MultitableInput MapReduce with ResultSerialization


I understand that result serialization is used in case I use a single input table.

TableMapReduceUtil.initTableMapperJob( tableName, scan, Mapper.class, Text.class, Result.class, job );

Any ideas how I can achieve the same while using MultiTableInput (multiple scans as input)?

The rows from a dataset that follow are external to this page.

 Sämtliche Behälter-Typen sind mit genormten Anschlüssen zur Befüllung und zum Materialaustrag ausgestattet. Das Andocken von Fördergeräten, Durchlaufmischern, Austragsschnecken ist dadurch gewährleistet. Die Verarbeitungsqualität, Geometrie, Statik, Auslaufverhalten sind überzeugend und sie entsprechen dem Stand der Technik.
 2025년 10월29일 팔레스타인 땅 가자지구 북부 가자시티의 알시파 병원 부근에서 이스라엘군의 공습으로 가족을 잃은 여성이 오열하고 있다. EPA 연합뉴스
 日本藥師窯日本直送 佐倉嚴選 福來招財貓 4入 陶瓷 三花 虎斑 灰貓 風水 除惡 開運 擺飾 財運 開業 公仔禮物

TableMapReduceUtil.initTableMapperJob( scans, SummaryMapper.class, Text.class, Result.class, job );

I get the following error while running the MR job:

INFO mapreduce.Job: Task Id : attempt_1492475015807_0003_m_000003_2, Status : FAILED Error: java.lang.NullPointerException at org.apache.hadoop.mapred.MapTask$MapOutputBuffer.init(MapTask.java:988) at org.apache.hadoop.mapred.MapTask.createSortingCollector(MapTask.java:391) at org.apache.hadoop.mapred.MapTask.access$100(MapTask.java:80) at org.apache.hadoop.mapred.MapTask$NewOutputCollector.(MapTask.java:675) at org.apache.hadoop.mapred.MapTask.runNewMapper(MapTask.java:747) at org.apache.hadoop.mapred.MapTask.run(MapTask.java:340) at org.apache.hadoop.mapred.YarnChild$2.run(YarnChild.java:168) at java.security.AccessController.doPrivileged(Native Method) at javax.security.auth.Subject.doAs(Subject.java:422) at org.apache.hadoop.security.UserGroupInformation.doAs(UserGroupInformation.java:1614) at org.apache.hadoop.mapred.YarnChild.main(YarnChild.java:163)


Solution

  • I was able to get through this phase. I explicitly specified the ResultSerialization class in the job config (but must be done before the job instance is created).

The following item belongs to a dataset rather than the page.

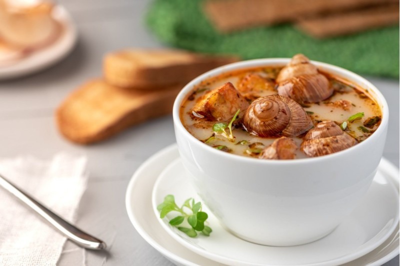 Danach werden sie in einer Hühnersuppe mit verschiedenen Kräutern und Gemüse gegart. Hauptbestandteile dieser sind Kartoffeln, Knoblauch, Fenchel, Petersilie, Pfefferminze und Chili. Dadurch erhalten die Schnecken Ihr deliziöses Aroma und werden samt Suppe und Weißbrot serviert.

    config.setStrings( "io.serializations", config.get( "io.serializations" ),
                        MutationSerialization.class.getName(), ResultSerialization.class.getName(),
                        KeyValueSerialization.class.getName() );
    

    This his how it is specified when the mapper is initialized when using a single input table. I will be sure to update this answer if I have any further findings on this so that it may be useful for others who may need it.